• Activity
From the first line to the last, repeat the data exactly and drop the pictures.
== Segment start ==
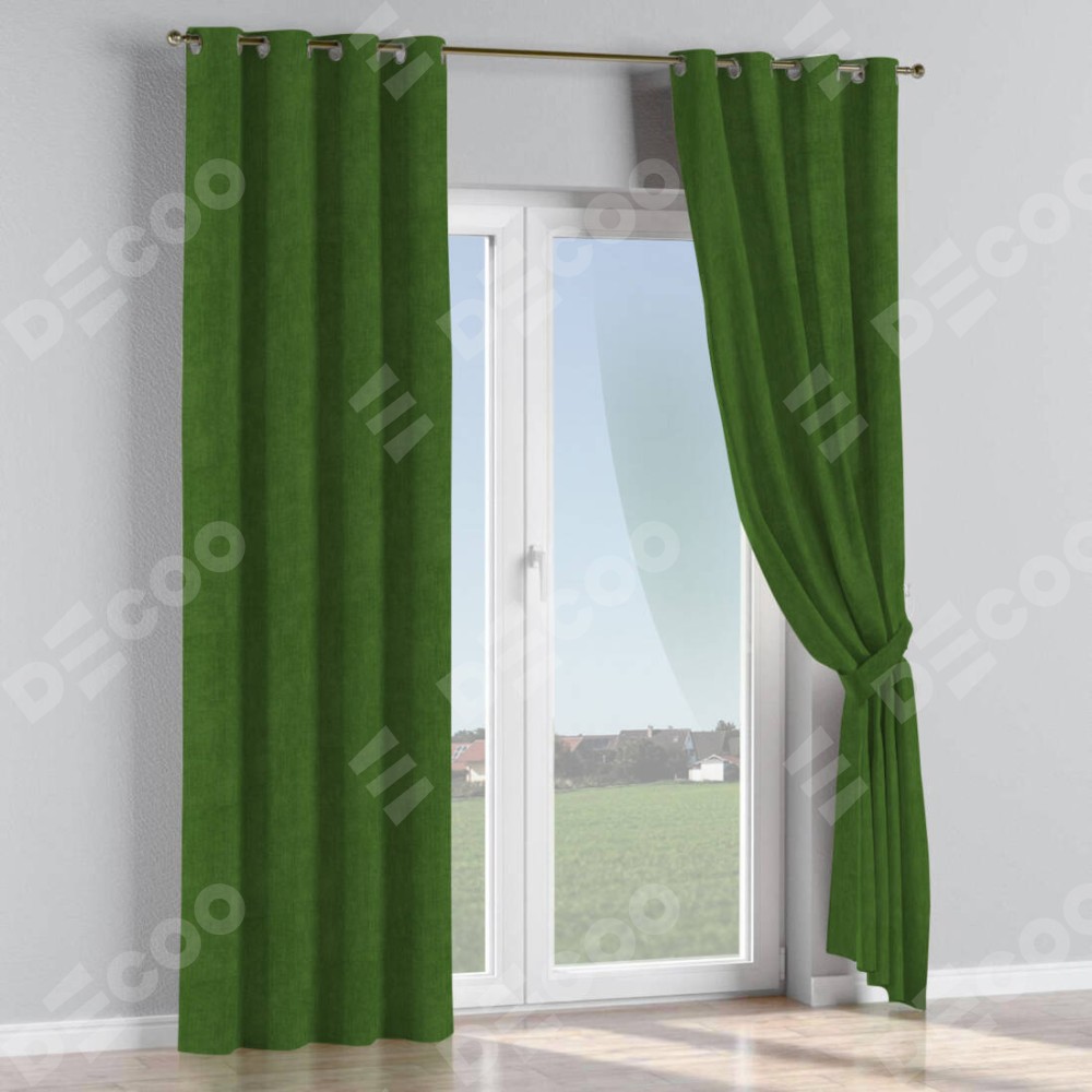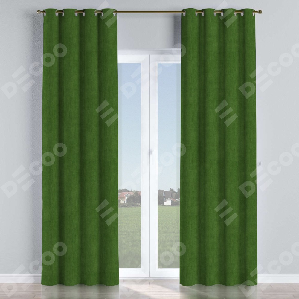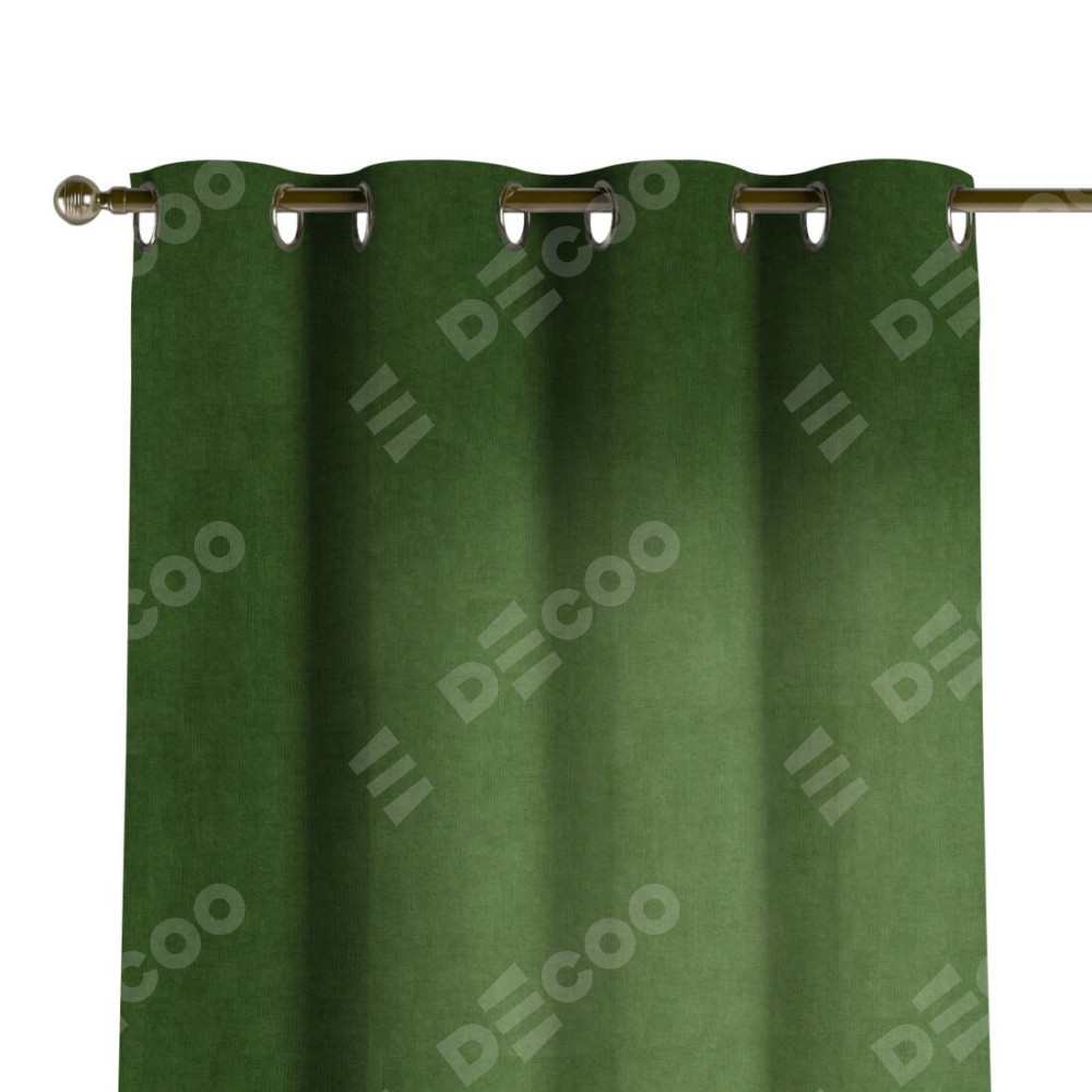 Комплект прямых штор, от производителя «Cortin», пошиты из ткани вельвет тёмно-салатовый, артикул ткани 33805. Данная модель пошита на люверсах, комплектуется на выбор круглым карнизом и подходит для монтажа на стену или потолок. Прямые шторы на люверсах шьются по стандарту с коэффициентом 1/2 (на 100 см. ширины проёма 200 см. ширины ткани), отличительным преимуществом данной модели является простой способ монтажа. Достаточно повесить ее на трубу и штора готова!
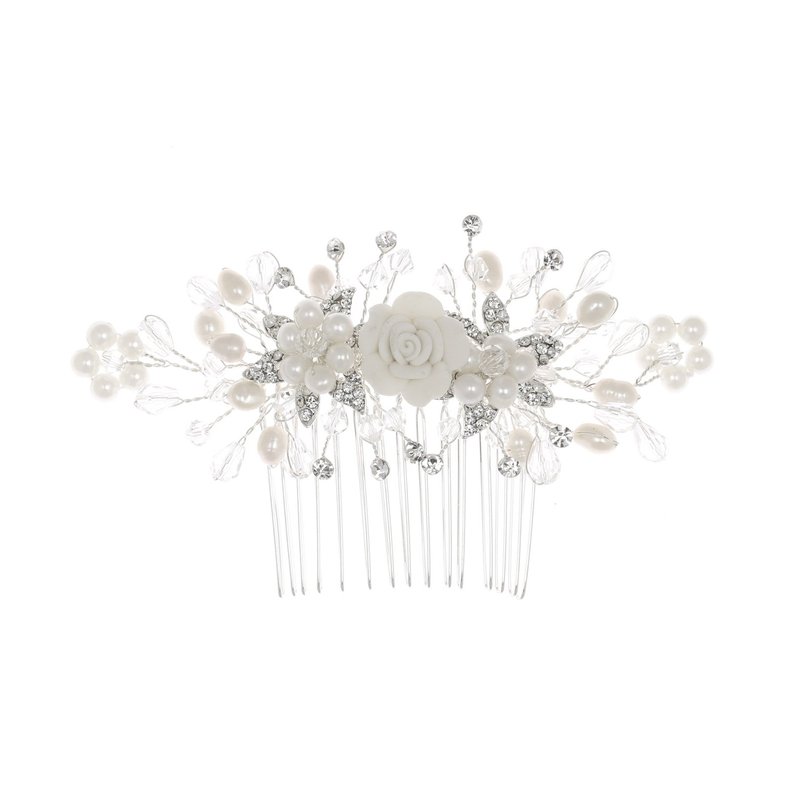 SAMKY Handmade Crystal Freshwater Pearl Flower Wedding Tiara Hair Comb T1084
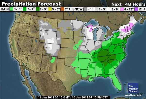 Here is the total precip map from the GFS forecast model through this Saturday which only shows the weak storm from today.
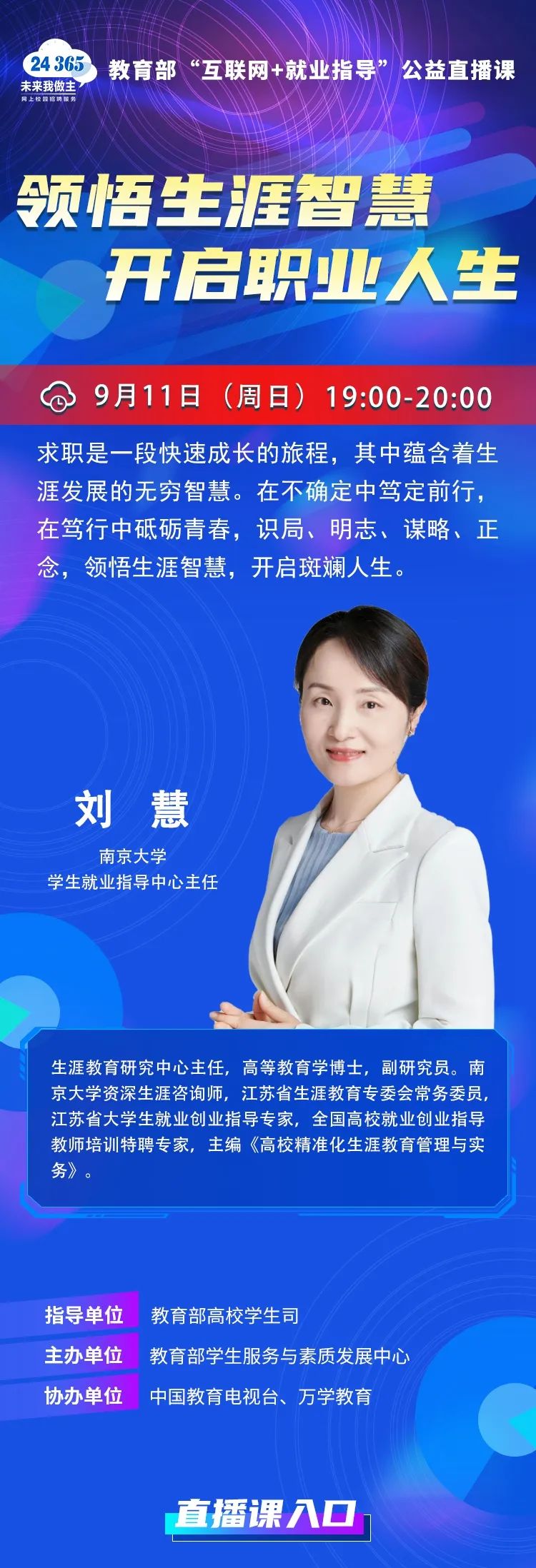 课程预告 | 教育部24365就业公益直播课:领悟生涯智慧,开启职业人生
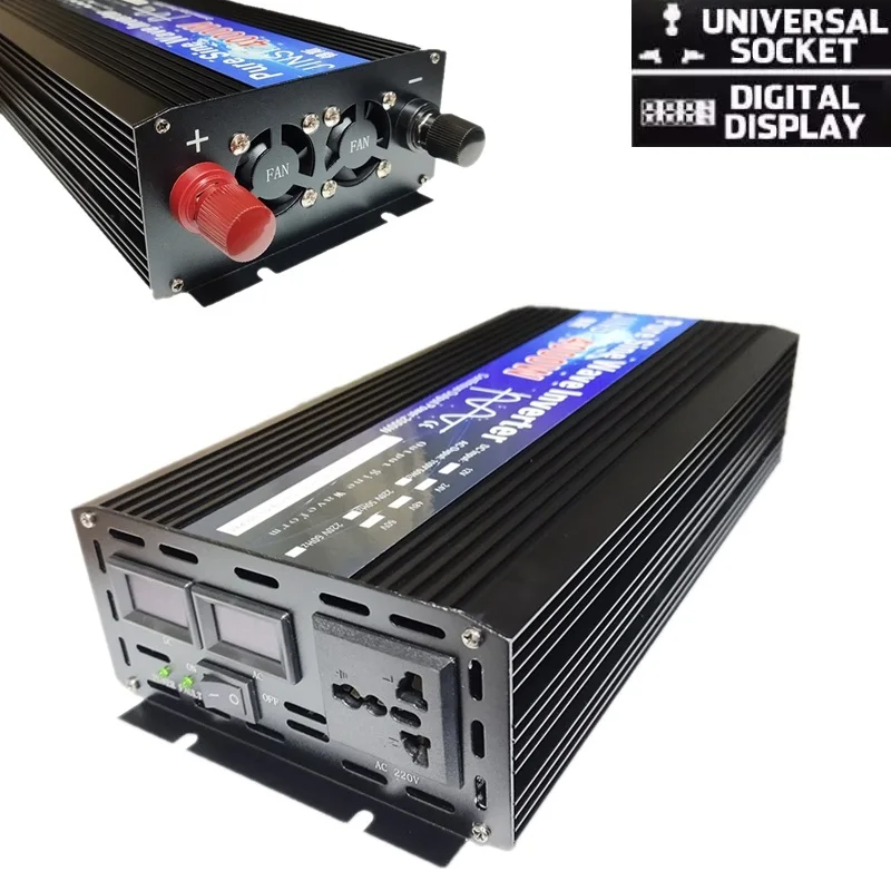 Onduleur à onde sinusoïdale Pure 12V 24V 48V 60V 220V 3000w 4000w transformateur de tension onduleur d'énergie solaire DC12V à convertisseur ca 220V LED
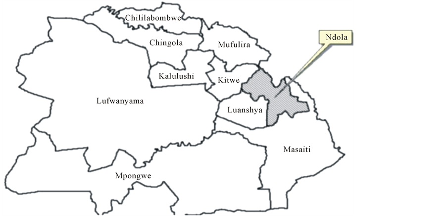 Figure 2. Map depicting Ndola district of Zambia. Source: City of Ndola―District situation analysis, 2005.
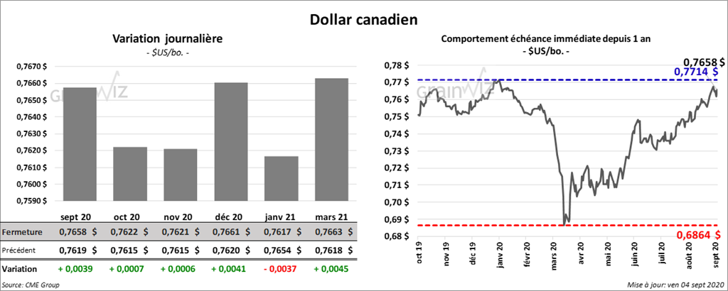 - Pour le 31 juillet dernier, Statistique Canada estime que les inventaires de blé canadien étaient de 5,03 millions de tonnes. Les analystes s’attendaient à 5,7 millions de tonnes. Il s’agit en fait d’une baisse de 14,65 % par rapport à la même période l’an passé. Cette réduction est principalement due à la baisse des stocks de blé durum.
== Segment end ==
• Your solution
 Комплект прямых штор, от производителя «Cortin», пошиты из ткани вельвет тёмно-салатовый, артикул ткани 33805. Данная модель пошита на люверсах, комплектуется на выбор круглым карнизом и подходит для монтажа на стену или потолок. Прямые шторы на люверсах шьются по стандарту с коэффициентом 1/2 (на 100 см. ширины проёма 200 см. ширины ткани), отличительным преимуществом данной модели является простой способ монтажа. Достаточно повесить ее на трубу и штора готова!
 SAMKY Handmade Crystal Freshwater Pearl Flower Wedding Tiara Hair Comb T1084
 Here is the total precip map from the GFS forecast model through this Saturday which only shows the weak storm from today.
 课程预告 | 教育部24365就业公益直播课:领悟生涯智慧,开启职业人生
 Onduleur à onde sinusoïdale Pure 12V 24V 48V 60V 220V 3000w 4000w transformateur de tension onduleur d'énergie solaire DC12V à convertisseur ca 220V LED
 Figure 2. Map depicting Ndola district of Zambia. Source: City of Ndola―District situation analysis, 2005.
 - Pour le 31 juillet dernier, Statistique Canada estime que les inventaires de blé canadien étaient de 5,03 millions de tonnes. Les analystes s’attendaient à 5,7 millions de tonnes. Il s’agit en fait d’une baisse de 14,65 % par rapport à la même période l’an passé. Cette réduction est principalement due à la baisse des stocks de blé durum.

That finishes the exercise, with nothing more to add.